Beaucoup. Avant la présidentielle de 2007, les milieux populaires pensaient que l'on allait s'intéresser à eux. La preuve : ils ont voté massivement pour Ségolène Royal ou Nicolas Sarkozy au second tour. Bref, ils y ont cru. Leur déception est à la mesure de leurs attentes. Ils pensent s'être fait avoir. J'irai même plus loin : ils estiment que la relégation qu'ils subissent est volontaire. Ils pensent que, pour s'enrichir, les représentants de l'« oligarchie financière », qui sont les acteurs de la mondialisation, doivent délibérément les précariser et les appauvrir. Cette relation de cause à effet entre mondialisation et fragilisation est au coeur du discours de Marine Le Pen. Voilà pourquoi sa voix porte tant.

Ce n'est pas le cas des autres dirigeants politiques ?

Non. Nicolas Sarkozy est complètement décrédibilisé. Il est non seulement vu comme celui qui n'a pas tenu ses promesses mais comme celui dont les amis sont au CAC 40 et qui, justement, incarnent cette mondialisation génératrice d'insécurité générale.
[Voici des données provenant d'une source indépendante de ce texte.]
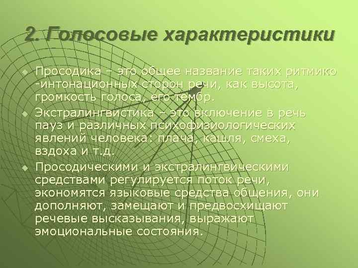2. Голосовые характеристики u u u Просодика – это общее название таких ритмико -интонационных сторон речи, как высота, громкость голоса, его тембр. Экстралингвистика – это включение в речь пауз и различных психофизиологических явлений человека: плача, кашля, смеха, вздоха и т. д. Просодическими и экстралингвическими средствами регулируется поток речи, экономятся языковые средства общения, они дополняют, замещают и предвосхищают речевые высказывания, выражают эмоциональные состояния.

On ne le croit plus capable de jouer contre son camp, celui de l'« oligarchie financière ».

Dominique Strauss-Kahn est lui aussi l'objet d'une forte suspicion. Quant à la gauche, elle est perçue comme très molle sur la mondialisation. Reste un Mélenchon, mais il donne l'impression de ne pas prendre vraiment en compte la question de l'intégration des étrangers. Or celle-ci est centrale dans le discours des milieux populaires.

De quel point de vue ?

Ce qui me frappe, aujourd'hui, c'est que les gens font l'économie d'un discours ouvertement raciste pour condamner l'immigration. Ils ne vous disent pas des horreurs sur les étrangers en tant que tels : ils vous expliquent juste que la France n'a plus les moyens de les intégrer. Le rejet de l'immigration est articulé à un raisonnement de nature économique, ce qui le rend plus acceptable que s'il était lié à des arguments ethniques. C'est ce qu'a compris Marine Le Pen.

A vous écouter, Marine Le Pen a un boulevard devant elle...
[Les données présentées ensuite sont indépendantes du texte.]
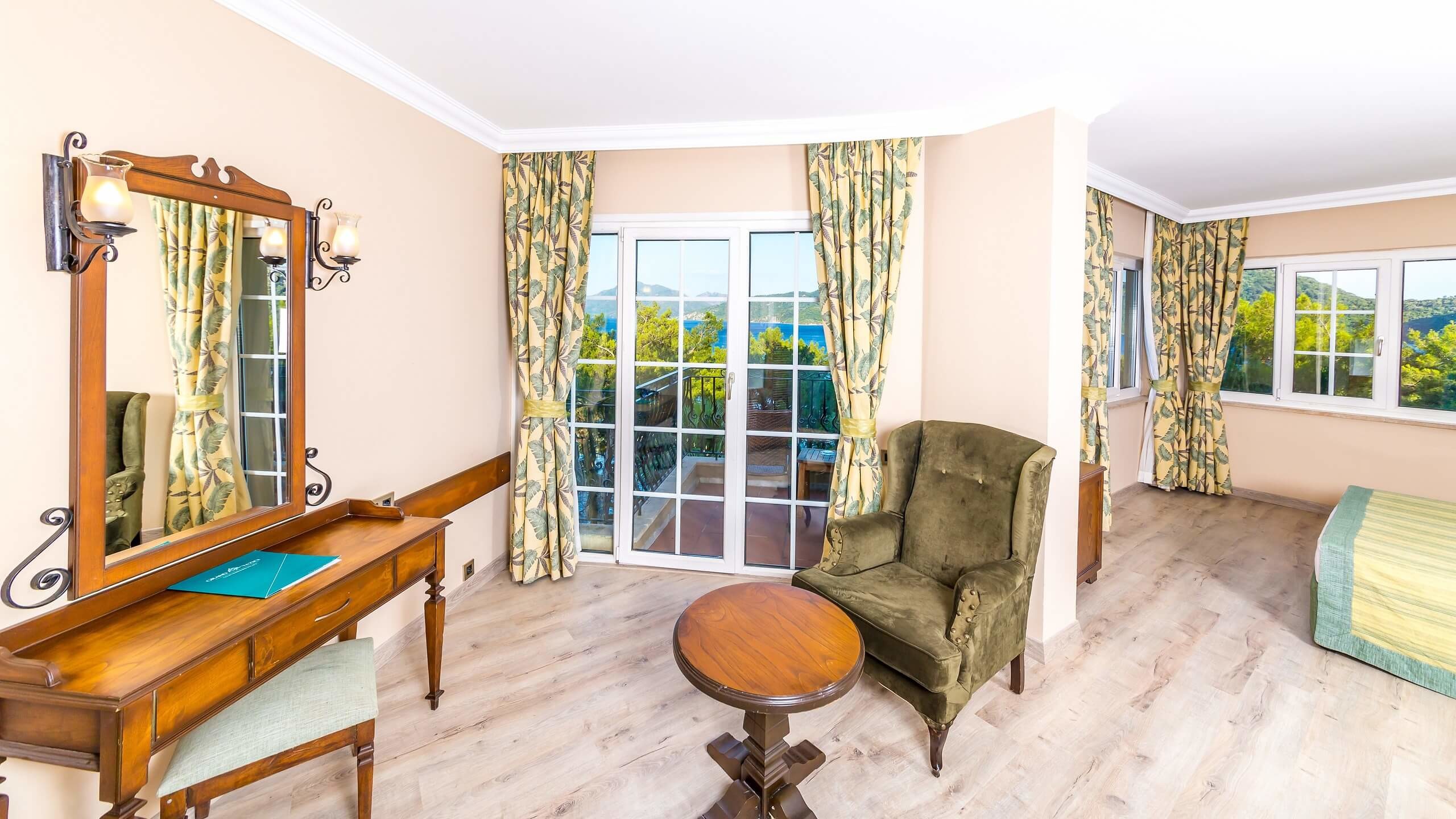 Хотелът разполага общо с 459 стаи, разположени в основната и в клубната част. В основната сграда:187 Standard room sea view/ land view (двойно легло ,1 единично, 24м²), Family room (1 френско легло, 2 единични легла,1 диван, 45 м²). В клубната част са: Standard room land view/sea view (двойно легло , 1 единично, 26 кв.м), Family room (двойно легло, 2 единични легла, 1 диван, 50 кв.м). Всички стаи са оборудвани с климатик, телевизор, телефон, баня с душ/вана, сешоар, мини бар (безплатно ежедневно зареждане с вода), сейф (безплатен), балкон, Wi-Fi интернет (безплатен). Почистване на стаите – всеки ден, смяна на спалното бельо и кърпите – 3 пъти в седмицата.

Je pense en effet que c'est dans les milieux populaires que se trouve le potentiel électoral du FN. La situation actuelle est perçue comme un noeud gordien, trop complexe, trop enchevêtré pour être dénoué fil à fil. Le seul moyen pour se libérer est, comme dans le mythe grec, de trancher le noeud. Or, Marine Le Pen est la seule à être perçue comme capable de vraiment trancher. Comme si les gens se disaient : « Elle, au moins, contrairement à tous les autres, on ne l'a pas essayée. » Sa posture est plus importante que ses propositions, qui ne recueillent pas forcément une forte adhésion.

Le risque est d'autant plus fort que les liens d'appartenance à telle ou telle famille politique sont de plus en plus ténus. Le fait d'avoir voté à gauche joue de moins en moins comme un barrage. D'autant moins que le plafond d'inacceptabilité du vote FN est devenu plus poreux, pas seulement parce que les gens ont beaucoup de mal à citer des propos intolérables de Mme Le Pen, mais aussi parce qu'à partir du moment où celle-ci s'est installée dans la zone des 20 % des voix, elle acquiert une légitimité. Elle devient en somme une candidate comme une autre, avec toutefois cet avantage sur les autres qu'elle est perçue comme la seule capable de vraiment agir autrement.